А толку-то? Выдувает палатку. Опять ночь напролет зубами клацаешь. Чтоб этому ветру!..

Колька Соколов — из легкораненых, за санитара. Печь подтапливает, харчи разносит. Мне за ром то хлеба лишнюю пайку добудет, то — картошечки, селедки. Голодно харчуют. На весь санбат мне ром прописали да еще двум доходягам. Я постоянно, даже во сне, хочу жрать, вот и отдаю ром: лишь бы пожевать что.

— …ПТР! — презрительно кривится Матвей; он уже вернулся и стоит напротив артиллериста. — Чугунные плечи надо иметь… таскать и стрелять из энтой штуковины…

— …Настоишь самогон на рябине, — вспоминает в своей компании Ваня Лощилин, — ликер, а не сивуха! Тяпнешь — и с подругой под ручку. Подруга довоенная, в теле баба, не ущипнешь, а разложишь…

— …Щит — блином, панораму — вдребезги, — рассказывает артиллерист (он через две койки от меня, это его дружок помер давече). — Покалеченные расползаются. На ногах — один я. Телефонист орет из щели: «СО — пять снарядов!» «Дай, — думаю, — на глазок наведу». Только к стволу, меня и…

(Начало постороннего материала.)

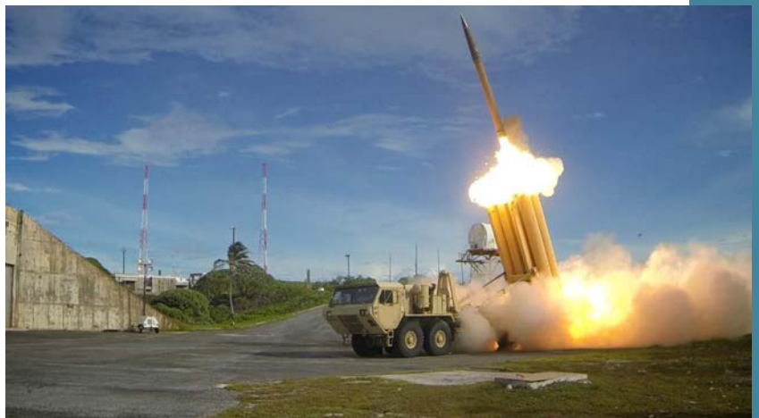
The first of two Terminal High Altitude Area Defense (THAAD) interceptors is launched during a successful intercept test.

The budget also invests $9.1 billion for missile defense in FY 2017, and $47.1 billion over the FYDP. This reflects important decisions we've made to strengthen and improve our missile defense capabilities — particularly to counter the anti-access, area-denial challenge of increasingly precise and increasingly long-range ballistic and cruise missiles being fielded by several nations in multiple regions of the world. Instead of spending more money on a smaller number of more traditional and expensive interceptors, we're funding a wide range of defensive capabilities that can defeat incoming missile raids at much lower cost per round, and thereby impose higher costs on the attacker. The budget invests in improvements that complicate enemy targeting, harden our bases, and leverage gun-based point defense capabilities — from upgrading the Land-Based Phalanx Weapons System, to developing hypervelocity smart projectiles that as I mentioned earlier can be fired not only from the five-inch guns at the front of every Navy destroyer, but also the hundreds of Army M109 Paladin self-propelled howitzers.

А я все мозолю мозги о ржаное военное счастье: лечат тебя, на ноги ставят попрочнее — и под смерть или увечье… Порядок требует…

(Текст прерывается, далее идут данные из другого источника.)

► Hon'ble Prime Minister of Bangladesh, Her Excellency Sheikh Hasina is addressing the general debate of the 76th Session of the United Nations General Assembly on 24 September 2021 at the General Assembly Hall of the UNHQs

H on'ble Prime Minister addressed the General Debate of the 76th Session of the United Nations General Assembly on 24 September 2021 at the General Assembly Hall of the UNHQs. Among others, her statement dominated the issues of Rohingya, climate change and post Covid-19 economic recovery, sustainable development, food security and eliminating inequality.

— …Мы на формировании кантовались, — рассказывает Лощилин; все примолкли, только его слушают. — Городок как городок, тесный. А по случаю войны на мужской пол коли не голод, то уж тоска точно. За отличное окапывание и стрельбу по мишени получил увольнение на шесть часов — и на скоростях в кино. Познакомился, шикарная блондинка килограммов на восемьдесят пять. Спрашивается: зачем нам кино? Мы прямиком к ней, чего время тратить? Она холостая, свой домик. Мебель старинная, дореволюционная: папино наследство. Хлопнули по маленькой — и вроде танцевать под патефон, а сами движемся к кровати. Тихонько наталкиваю. Она как бы соглашается, но не очень… Но не в этом дело. Все время шепчет одно и то же: «Ножки, ножки…» Я со всем удовольствием: глажу ей ноги, щупаю, до самой… добираюсь. При такой упитанности это не ноги, а божий дар. Аж зубами тихонько постукиваю: завелся, сам не свой… Я — за трусы, пора бы и… А она уступает и даже стонет, и слова разные говорит, но не перестает, твердит: «Ножки, ножки…» Куда их еще гладить? Продолжать это… и не донесу. Это ж какое напряжение! Вот-вот осрамлюсь. Я ей ноги на постель поскорее укладывать, а она… не дается! Это что ж такое?! Нет, уступает, ложится без трусов, но не унимается, все шарашит шепотом: «Ножки, ножки…» А я… мочи нет, на последнем градусе терпения. Нет, не донесу! Это ж мировой конфуз! А с другой стороны, посудите, братцы, как такой крепости набраться и не дать слабины… ведь гладишь бабьи ноги аж до самой… А ноги, братцы! Эти самые ноги выше колен — да за такой кралей до конца дней своих без шапки будешь ходить!.. А шевелит, братцы!.. Я гарцую, а она все свое: «Ножки, ножки!..» Я и спросил, что ж ты за бессердечная женщина, наведи ясность со своими ножками… Ну, братва, не поверите. И я себе не поверил, когда услышал. Она даже вскочила и показала. И впрямь, доподлинные ножки, да не те! У кровати эти ножки, на самой настоящей резьбе! Присаживайся на корточки и крути, в общем, подгоняй под рост. После располагайся у края стоя, там и вырез глубокий, и вдвигайся на любую плотность…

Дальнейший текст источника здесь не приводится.